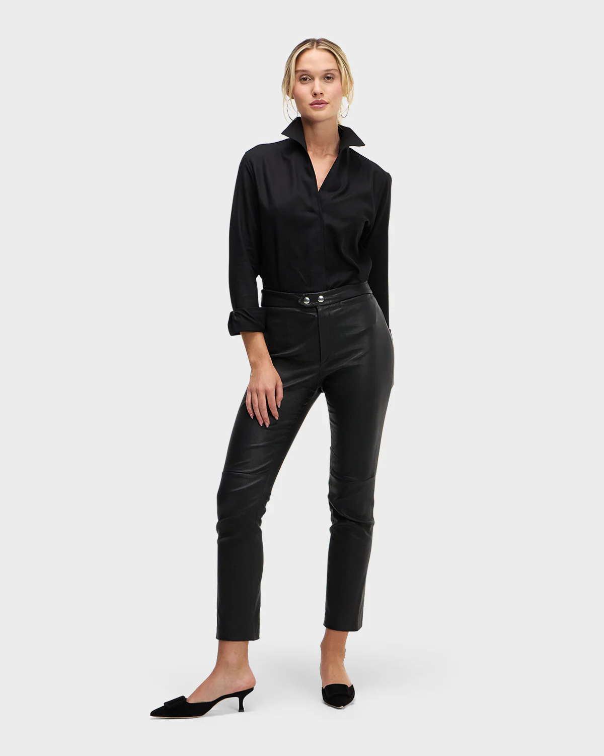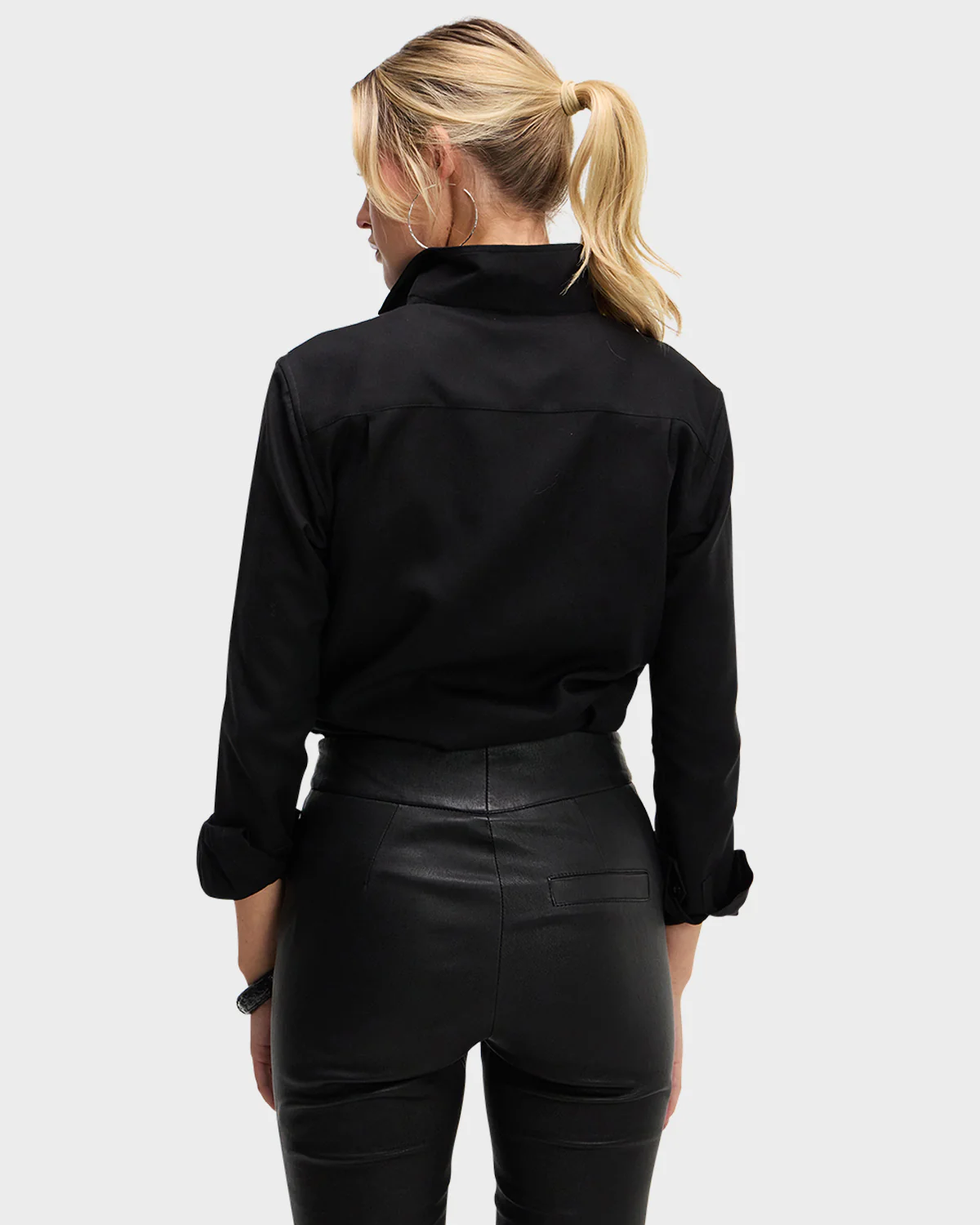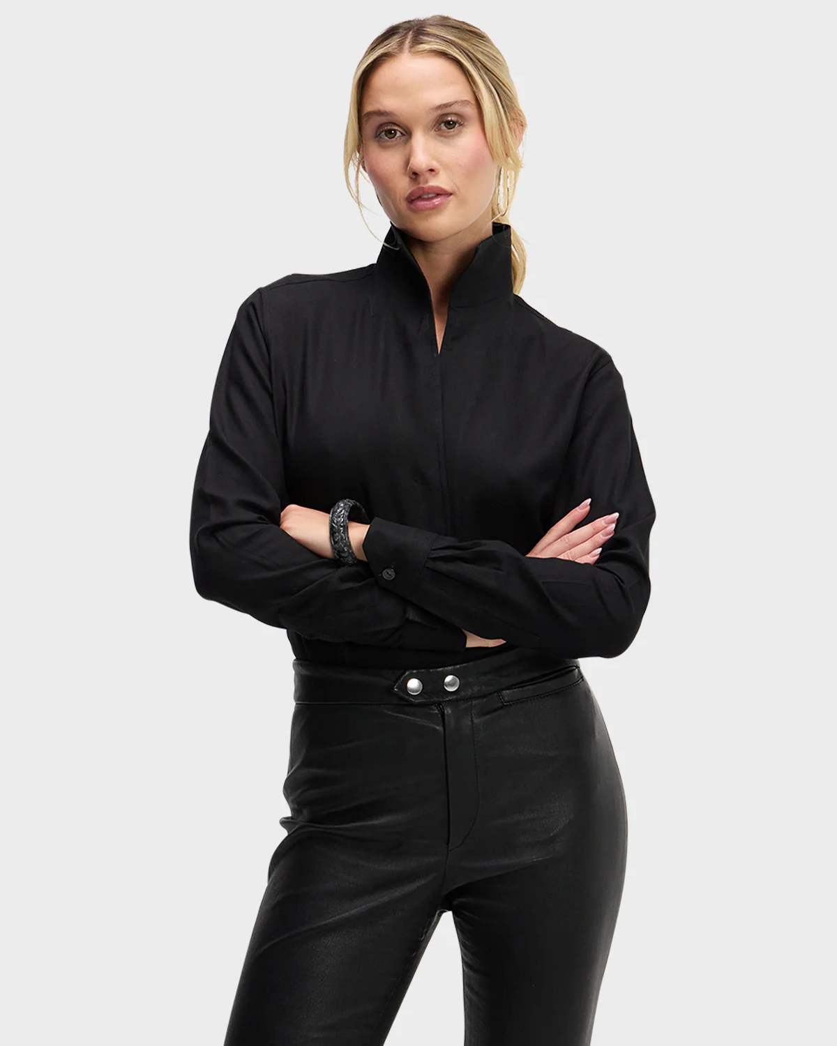 The Signature Shirt is fashioned with Sarah Alexandra's innovative and fully shapeable one-piece collar for dramatic styling. Pop it high, create an alluring angle, or lay it flat—just follow your mood. The concealed front placket hides ingenious fish-eye buttons for a seamless appearance. Chamfer cuffs add extra elegance.
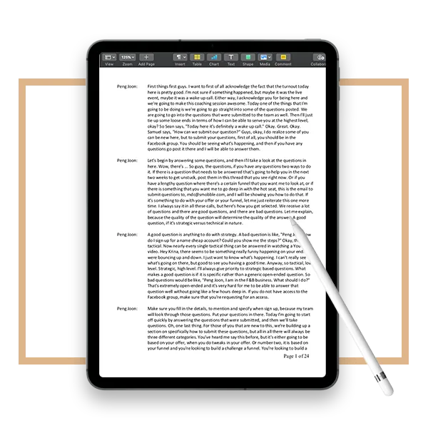 ALL the scripts for your Webinar, including: Open, Content, Offer, and Close. You'll leverage our proven model that provides tremendous value, that closes like crazy, plus follow along for a perfect, smooth delivery every single time!
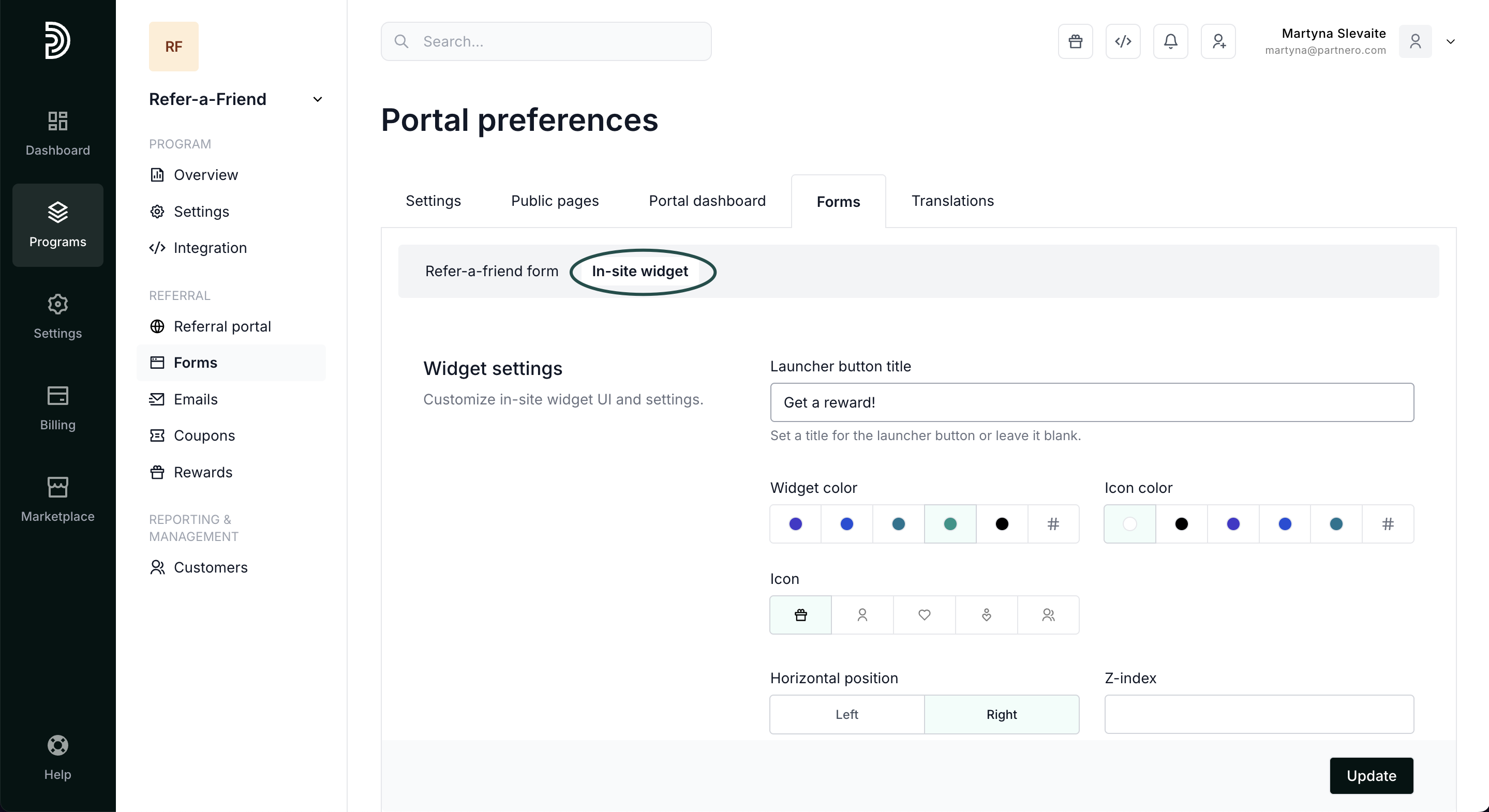When enabled, the portal can be accessed via an in-site widget on your site or app. Read more. - Enable Partnero branding on the portal
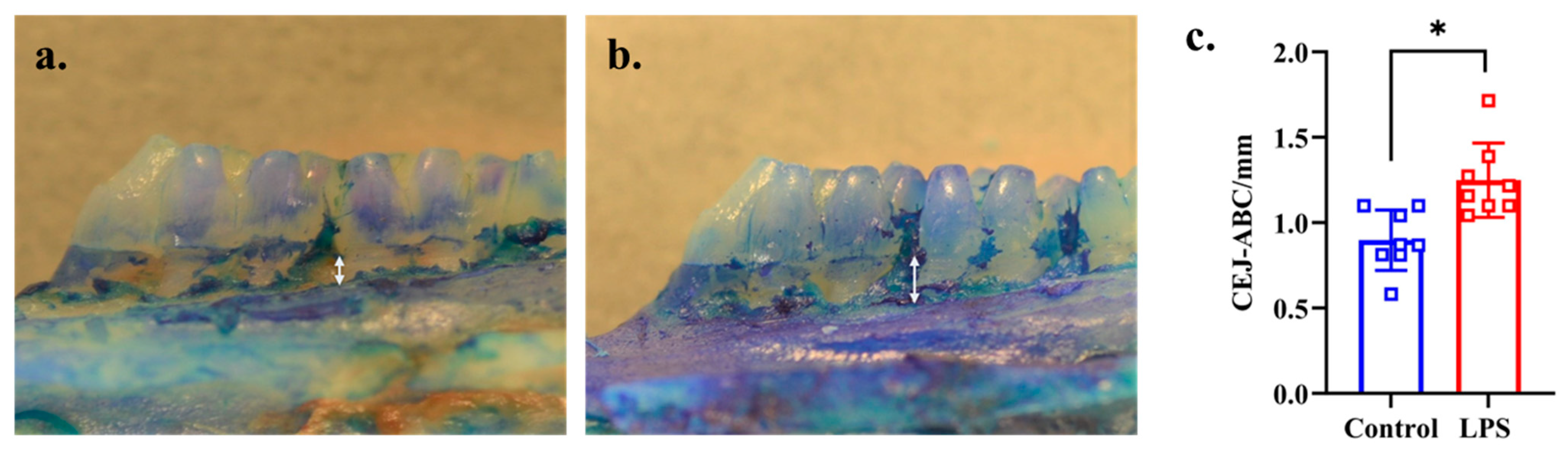 - Leira, Y.; Iglesias-Rey, R.; Gómez-Lado, N.; Aguiar, P.; Sobrino, T.; D’Aiuto, F.; Castillo, J.; Blanco, J.; Campos, F. Periodontitis and vascular inflammatory biomarkers: An experimental in vivo study in rats. Odontology 2020, 108, 202–212. [Google Scholar] [CrossRef]
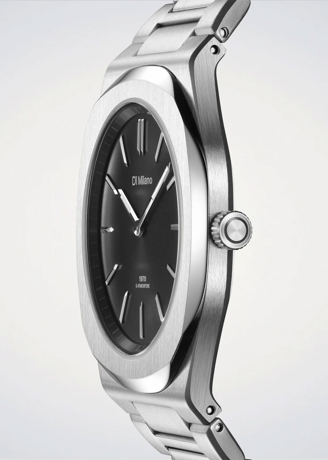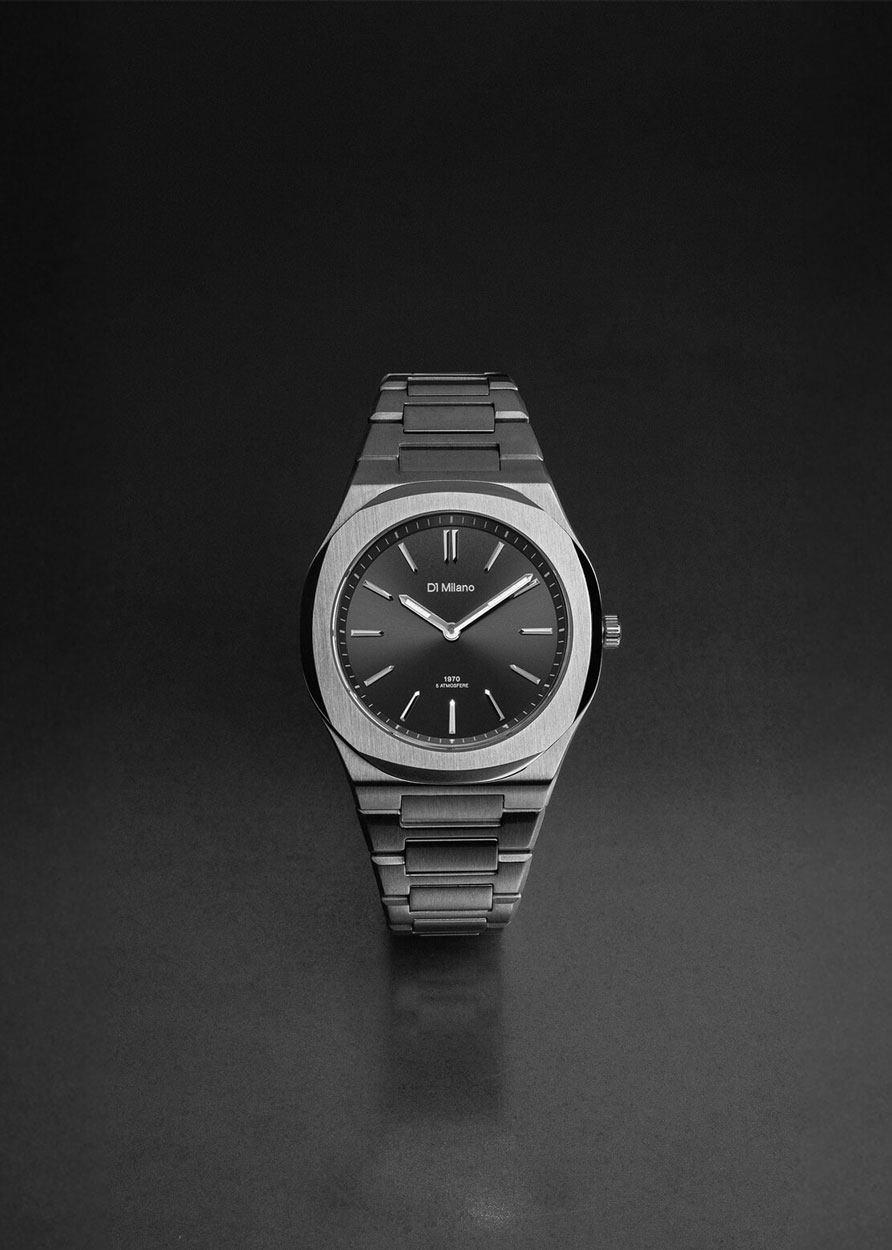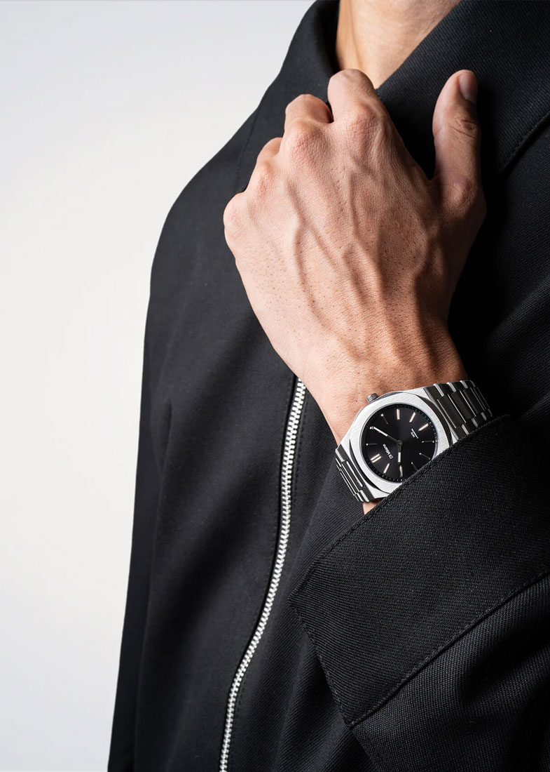 Мужские часы Groovy Black. Ультратонкие. Круглый стальной корпус. Циферблат с накладными метками в виде штрихов. Задняя крышка из нержавеющей стали крепится на 8-ми винтах. Рифленая заводная головка. Стальной браслет с раскладывающейся застежкой.

====

▶ [Work request]: Output exactly the lines from the line with "- Leira, Y.;" to the last line of the records, including both, and leave every picture out.

▶ [Solution]:
 - Leira, Y.; Iglesias-Rey, R.; Gómez-Lado, N.; Aguiar, P.; Sobrino, T.; D’Aiuto, F.; Castillo, J.; Blanco, J.; Campos, F. Periodontitis and vascular inflammatory biomarkers: An experimental in vivo study in rats. Odontology 2020, 108, 202–212. [Google Scholar] [CrossRef]
 Мужские часы Groovy Black. Ультратонкие. Круглый стальной корпус. Циферблат с накладными метками в виде штрихов. Задняя крышка из нержавеющей стали крепится на 8-ми винтах. Рифленая заводная головка. Стальной браслет с раскладывающейся застежкой.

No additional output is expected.